0001: Caching System for Third-Party Data

Abstract
Architecture Changes
Security Considerations
Testing & Rollout
- Backend Deployment Complexity
Conclusion

Abstract

We need a caching system for caching third-party data. Some known needs are:

RSS Widget feed responses (XML)
Embedly API responses (JSON)

We currently have Redis available which we could use as a cache, however, we primarily use it as a queuing system for celery tasks. Because of this use pattern, we have Redis configured to not evict keys, which means it can’t behave like a traditional LRU cache for actual caching while still ensuring we don’t conflict with critical celery state data or tasks.

Additionally, caching arbitrary blobs of response data is likely to grow cache memory usage at an unbounded rate, which in a scenario using Redis could cause a situation where the application is unable to dispatch a task into Redis because it has hit the memory ceiling.

So for both the above reasons at a minimum the cache system used for caching arbitrary blobs of data should be a separate physical system and we should evaluate which backing cache is best for the needs that are known.

Architecture Changes

Django has a built-in caching system with pluggable backends that we should try to use instead of rolling our own. It supports several backend types the most practical for us being:

Memcached (django.core.cache.backends.memcached.PyLibMCCache)
Redis (django.core.cache.backends.memcached.PyLibMCCache)
Database (django.core.cache.backends.memcached.PyLibMCCache)

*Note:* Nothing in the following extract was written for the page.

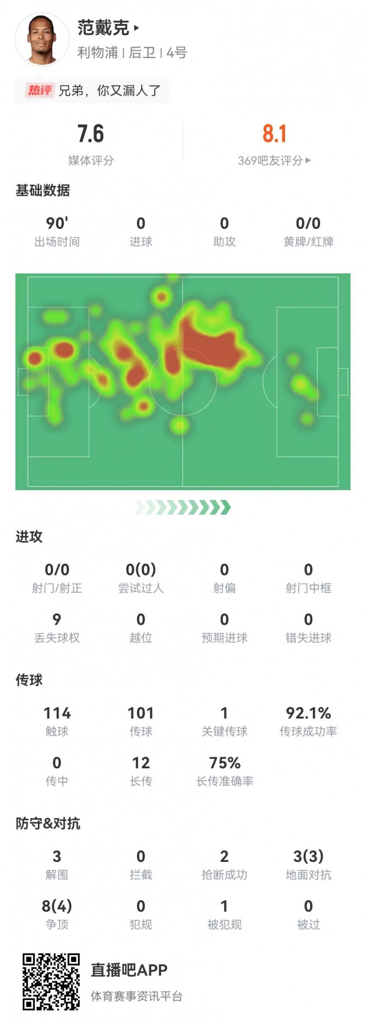 12月28日讯 利物浦在本轮英超对阵狼队,范戴克本场数据如下:

Using this means there’s no big architecture to put in place.

Security Considerations

Since we run our application in Heroku, the backing store needs to be secured for public access. There are two aspects of this we need to look at:

Authentication

The backing store should support some flavor of credentials so we can ensure writes to this system are from an authorized source (our application). Particularly because often this information is being rendered back to users on the discussions site (e.g. Embedly descriptions or widget responses). An unauthenticated store would be an easy attack vector for getting unauthorized content to show up on the site.

See Backend Security Comparison.

Encrypted Transport

It’s ideal to encrypt traffic if it is going to the store across the public internet. Particularly because unencrypted traffic negates some of the benefits of the requests being authenticated.

See Backend Security Comparison.

Backend Security Comparison

Backend	Credential Type	Transport Type	Notes
Memcached	Username/Password via SASL	Not Encrypted	This backend is probably less than ideal for applications that are not deployed entirely within a VPC or similarly protected environment. Since we are deployed in Heroku, this backend is probably a no-go for that reason.
Redis	Username/Password	TLS	Security Docs: Redis Enterprise (formerly RedisCloud) Elasticache Redis
Database	Username/Password	TLS	Same security considerations as our existing DB connections which we can consider a solved problem.

Testing & Rollout

Caching should be optional to configure so that we can roll out the code for this without being blocked by the backing stores needing to be operationally setup first. We can then coordinate configuring the app once operations has the environment setup.

Backend Deployment Complexity

Aside from generally needing to configure each of these with some runtime settings, here are some extra per-backend considerations are:

Backend	Notes
Memcached	We would need to be able to share the memcached instance across PR apps / CI. DevOps team already has salt scripts for standing up a memcached-backed Elasticache cluster here.
Redis	Ideally we use `pylibmc`, which will require an additional dependency to be added to the app that has C bindings. Need to determine how supported this is in Heroku. We would need to be able to share the Redis instance across PR apps / CI. Our team is already familiar with Redis. DevOps team already has salt scripts for standing up a Redis-backed Elasticache cluster here
Database	Requires an additional out-of-band management command (`manage.py createcachetable`) to be run per environment (including all PR builds). A major downside to this is the table is not managed via standard django migration mechanisms which makes this difficult to automate environments for.

Conclusion

django.cache backed by Redis is the most appealing option in terms of familiarity and security.

However, after discussion with stakeholders we’re going to go with the database-backed cache as we’re not certain the performance gains are worth the operational difficultly configuring our environments would be. Additionally, it was suggested a cache like Varnish in front of these external requests might be more appropriate and the database-backed approach requires the least effort to get functional.